So they went to the Western Union cable office and with a few words Curtin told the old pal of his plight. The same night the pal from San Antonio cabled him two hundred dollars instead of the borrowed hundred.
“Didn’t I tell you he’s on the level, that old pal of mine over in good old S.A.? That’s what you may call a friend in need.” Curtin felt not less superior now than Dobbs had felt on cashing his lottery ticket in the morning.
“We’d better not wait long,” Howard suggested. “Let’s take off tomorrow.”
They agreed. Next day they took the night train to San Luis Potosi, where they boarded the train for Aguascalientes to reach the main line going north. Four days later they were in Durango.
Here they occupied themselves for two days studying maps and trying to get information from all sorts of people who knew this part of the republic.
“Now look here, you puppies,” Howard explained. “Where you see a railroad, there’s no use going there. There aren’t any motorroads. So let’s forget about these roads. Don’t even look near dirt roads. Wherever there is a railroad or any other road, there’s no use going close. Because railroad-constructors and roadbuilders usually examine every bit of soil near the roads while they are building them. That’s only natural, and it’s part of their business. So it would be waste of time to look for anything around places where engineers have been at work.”
“I think I see what you’re driving at.” Dobbs began to understand Howard’s plans.
“Not so difficult to see, boys, after I’ve made it clear what is virgin soil and what isn’t.” Howard went with a pencil over the map he had spread out before him. “We have to go where there is no trail. We have to go where we can be positive that no surveyor or anybody who knows something about mining has ever been before. The best spots are those where you feel sure that anybody who is paid for his job would be afraid to go and would not think it worth while to risk his hide for the salary he gets. Only at such spots is there a chance that we might find something. These are the regions we have to make out on this map.”
He drew a few lines over small sections of the map, made a few dots here and a few dots there. For a while he looked at these vague sketches, seemingly weighing one against the other. Then, with a definite gesture, he made a little circle on the map at a certain point. “Here’s where we are bound. Hereabouts.” He thickened the little ring with his pencil. “The exact site doesn’t matter very much—not in detail, so to say. Let’s see the spot at close range and then decide what to do. Here on this map I can’t make out properly whether it’s mountain, swamp, desert, or what. But that shows that the makers of the map themselves don’t know for sure what there is. Once on the spot, all you have to do is to wipe your eyes and look carefully around you. I once knew a feller who, believe it or not, could smell gold if it was close, just as an ass will smell water if he is thirsty and wants to drink. And this reminds me, boys, we’ll have to go Out to a few villages near by to buy burros, which we need for carrying our packs and for other services at the camp.”
So they spent the next three days buying burros from the Indian peasants.
Chapter 5
Curtin and Dobbs learned soon that without Howard they would have been utterly helpless. Had they been alone, they would not have been able to follow even a trail. They had no idea how to keep the burros at the camp during the night, how to pack them the right way, or how to make them go over the rocky paths across the high mountains, where often the boys themselves could not get hold with their feet.

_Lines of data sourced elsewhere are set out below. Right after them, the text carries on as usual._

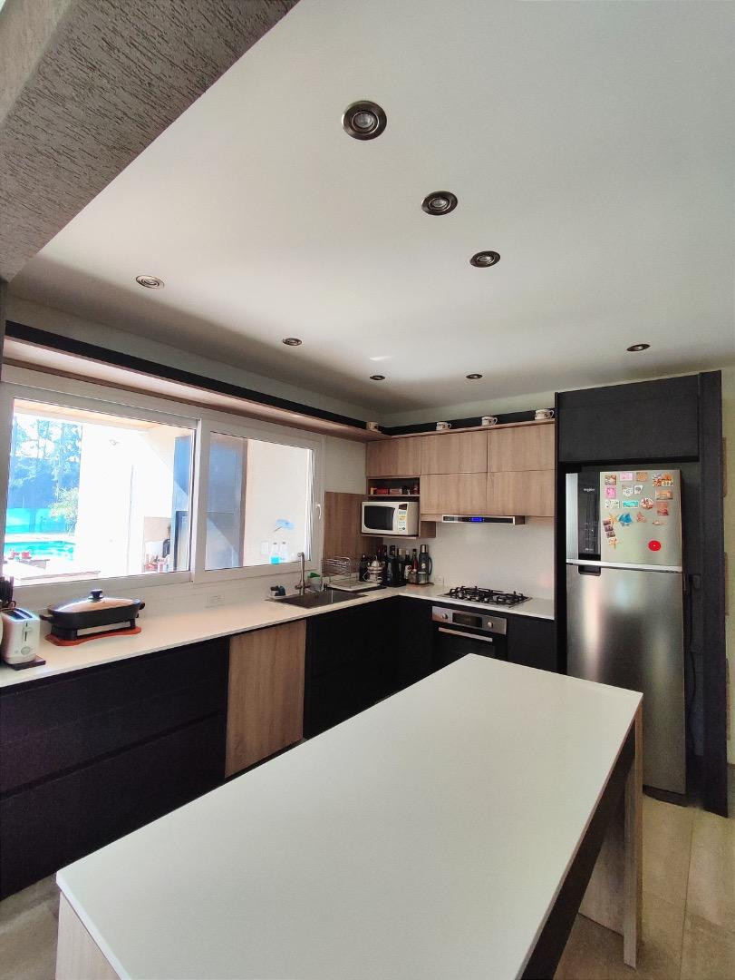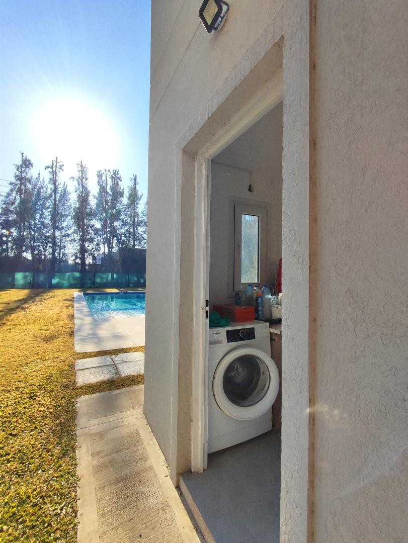 Casa de 2 plantas en Santa Teresa, Tigre. Cuenta con living comedor integrado, cocina semi separada con espacio de guardado, dependencia, lavadero, toilette y escritorio o dormitorio de huéspedes; el segundo dormitorio está en planta baja. En la planta alta hay 3 dormitorios, uno en suite, y un baño completo con bañera; incluye galería cubierta con parrilla. Dispone de jardín delantero y jardín trasero, piscina, cloacas y gas.
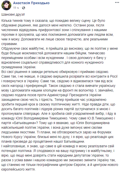 "Теперь пришло время осознанно сделать первый шаг в своей политической жизни. Не скрою, что достаточно много политиков и лидеров различных партий встречались со мной и предлагали сотрудничество. Но я сделала свой осознанный выбор, и иду в команду Юлии Владимировны Тимошенко. Почему именно Ю. В. Тимошенко и партия "Батькивщина"? Потому что я считаю, что Юлия Владимировна сильный политик Украины, и она очень импонирует мне своими человеческими качествами", - написала Приходько.
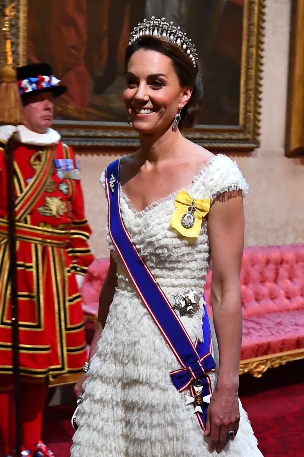 На банкете в честь государственного визита президента Трампа в Великобританию герцогиня Кембриджская воспользовалась своей любимой тиарой, чтобы придать блеск своему наряду. Она сочетала Lover’s Knot с серьгами с сапфирами и бриллиантовой бахромой королевы-матери и своим новым Королевским Викторианским орденом.
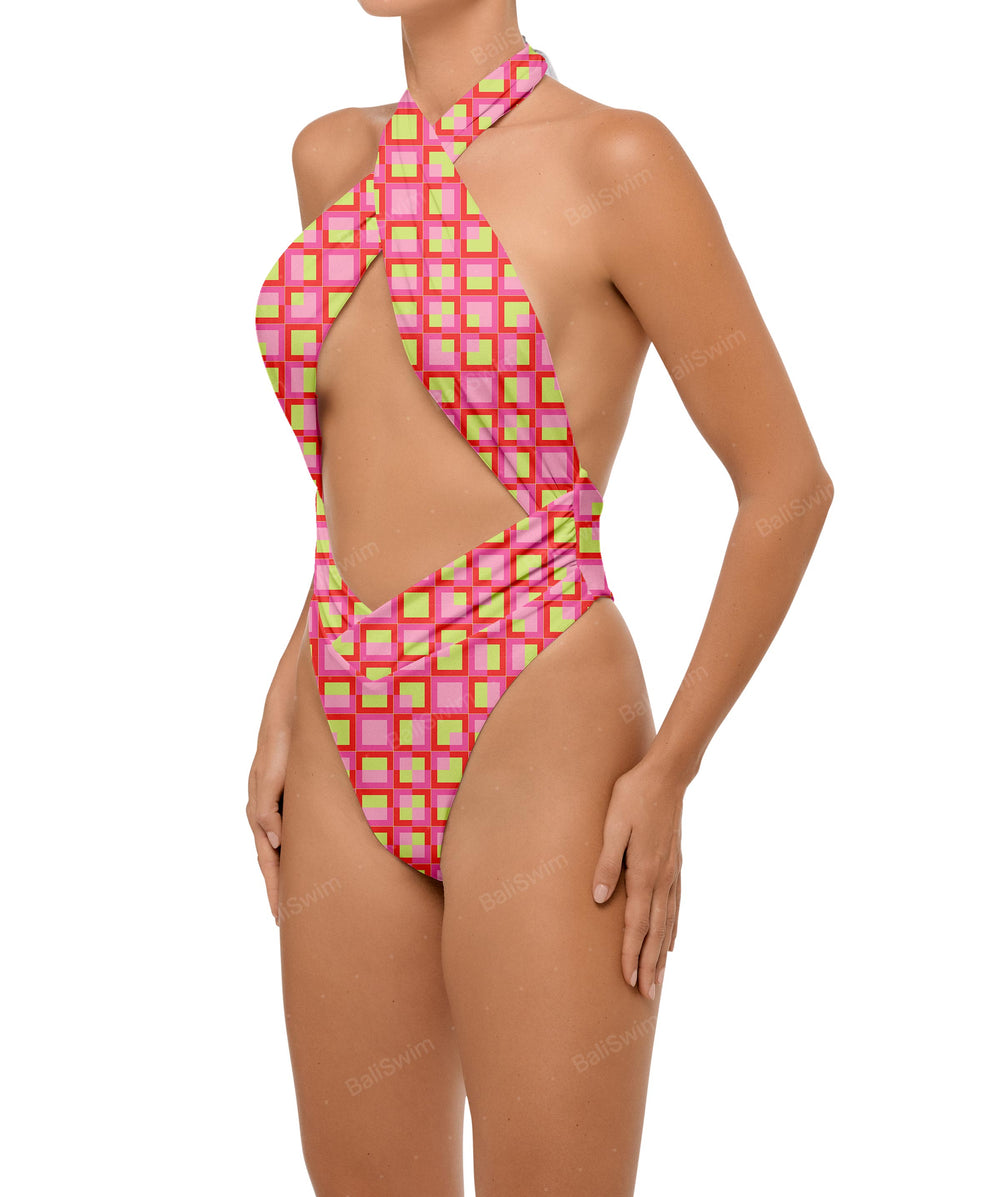 - Detail Feature: Halter cut out one piece, Adjustable halter ties, Criss cross neck, Ruched waist and side seam, Low V-waist, High cut, Low back
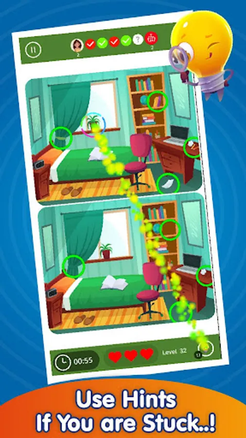It's time to put your 🕵 detective hat on and take your magnifying glass and Find Different secrets. This Challenging Fun puzzle improves your concentration and observation skills.Enjoy amazing pictures and find the differences just like hidden object games! Each level present with two photographs that look like identical but there are few small differences between them.your objective is just observe or compare pictures and try to locate the difference by tap on it before time runs out.You must spot them as fast as you can or you can use Free Hint if you are not able to reveal the difference.become a detective, seek and find those very challenging Hidden Differences.
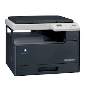 The bizhub 184 A3 mono printer with print, scan, fax and copy functions. Single-sided, manual double-sided, black-and-white prints are all produced at a rated output speed of 18 ppm. |
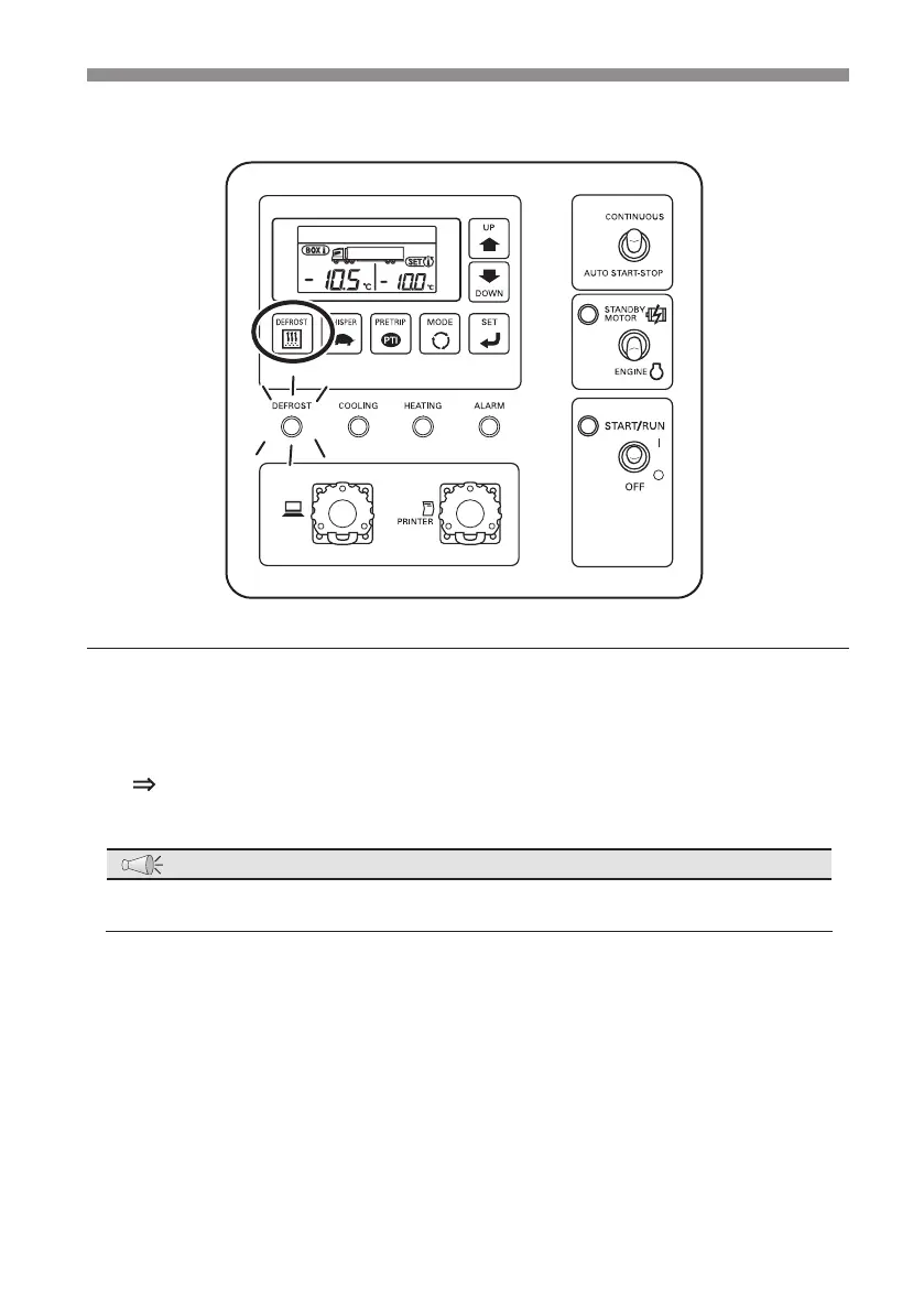 The "Defrost operation lamp" (Orange) lights and starts the defrost
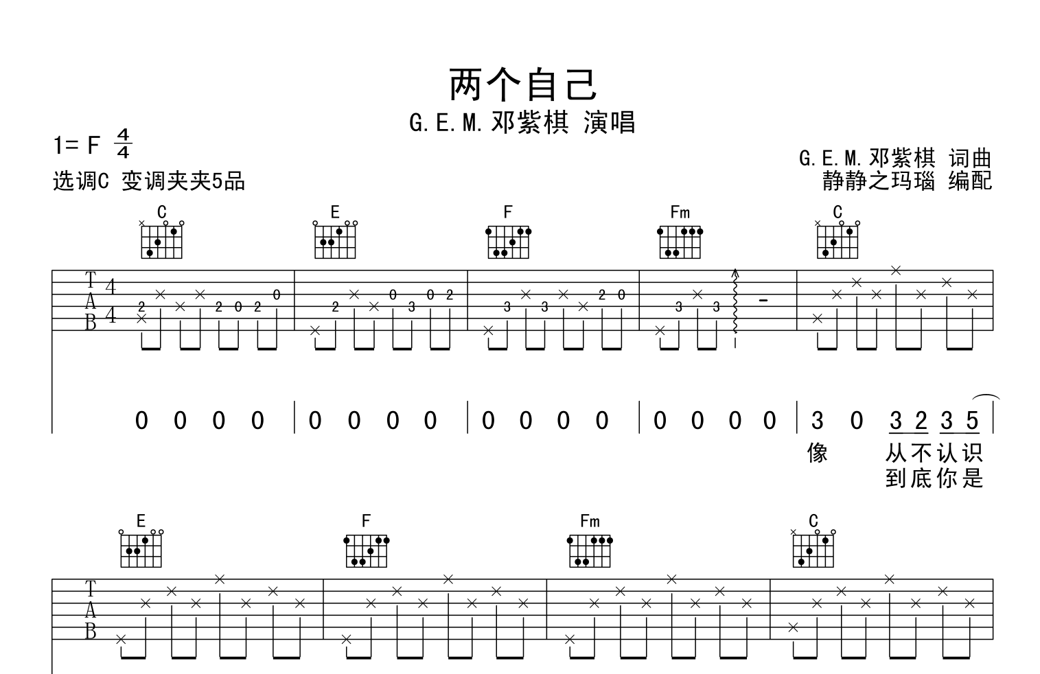 两个自己吉他谱 - 邓紫棋 - C调吉他弹唱谱
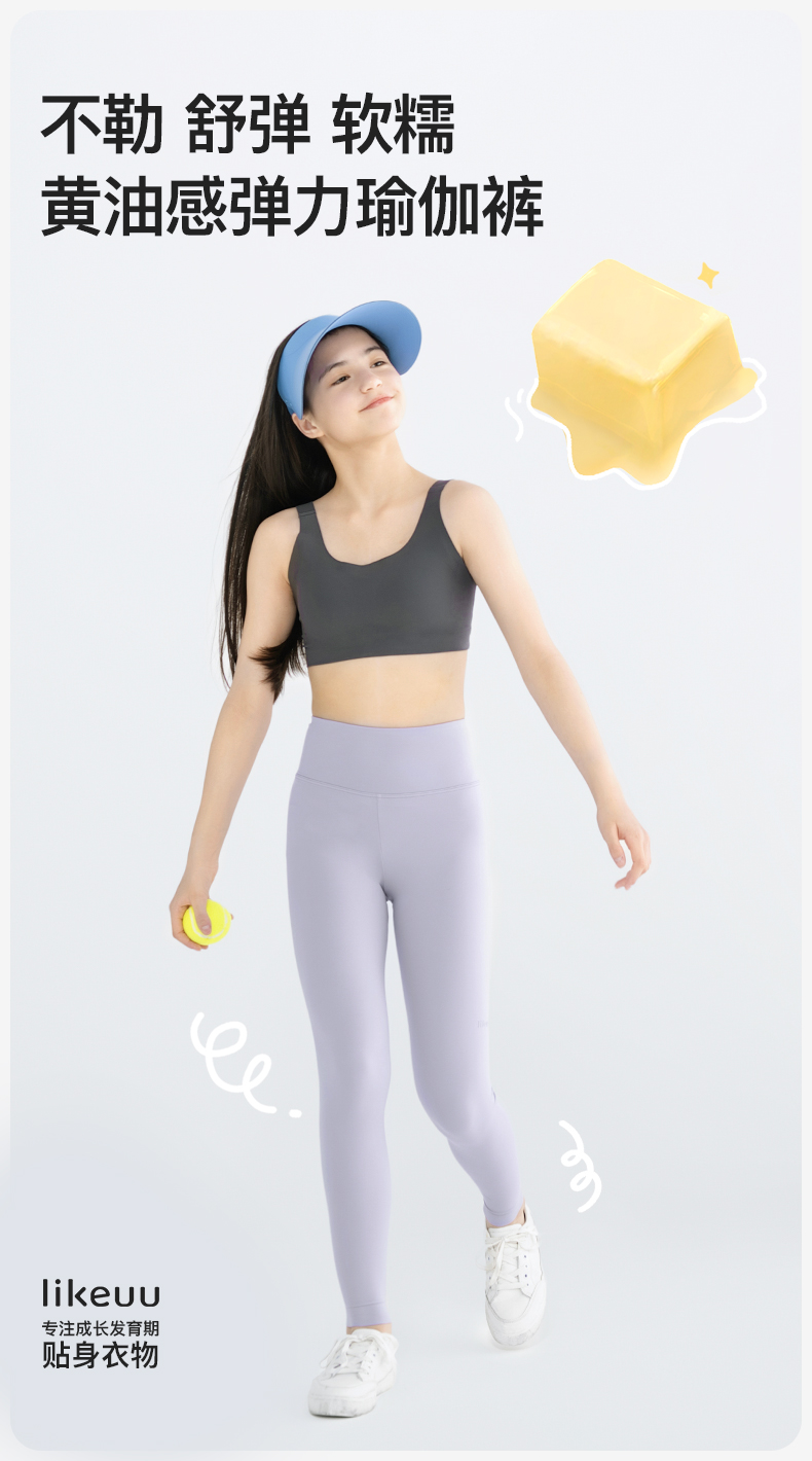 ubras旗下likeuu儿童瑜伽裤女童轻薄透气运动裤学生打底裤高弹空气层
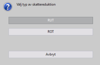 Användning av ROT-avdrag sker på samma sätt som med RUT-avdrag utöver att fönstret för inmatning av personnummer också innehåller kompletterande uppgifter för fastigheten.
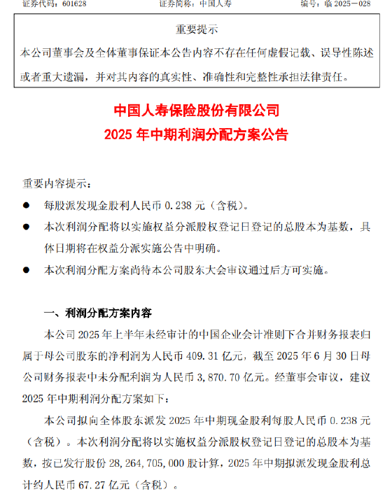 正文 中国人寿:拟派发中期现金分红达67.27亿元,公司累计分红约2277亿元 亿通速配 V管理员 /2025-08-27 18:15:04/9阅读/0评论 0827 文章最后更新时间2025年08月27日,若文章内容或图片失效,请留言反馈! 8月27日金融一线消息,今日发布2025年半年度报告和2025年中期利润分配方案公告。公告显示,公司拟向全体股东派发2025年中期现金股利每股人民币0.238元(含税)。本次利润分配将以实施权益分派股权登记日登记的总股本为基数,按已发行股份28,264,705,000股计算,2025年中期拟派发现金股利总计约人民币67.27亿元(含税)。这是该公司连续第2年保持中期、年度两次分红频次,自上市以来,已累计分红约2277亿元。

On this trip the boys had to do without such little conveniences as were always found even in the most primitive oilcamps. It took them almost a week to learn how to pitch camp under such difficult conditions as they found here every day. This was no boy scouts’ hike and camp-fires were not built according to instructions in printed guides for hunting parties. Here it meant work, and nothing but hard work. Often at night when they were so tired that they could sleep like blocks they had to get up and search for the burros that had gone astray. There were many other things to attend to even more disagreeable and more wearisome and annoying.
There were many days and more nights when both of them said that if they had known beforehand what it meant to go prospecting, they would have preferred to stay in town and wait for a job to turn up.
Every day their respect for old Howard grew greater and greater. That old fellow nevet complained, never whined, never felt too tired to lend here a pull and there a push. He appeared to become younger and more active with every mile that the little train made toward its goal. He climbed steep rocks like a cat and trotted for long, dreary hours across arid stretches without even mentioning a drink of water.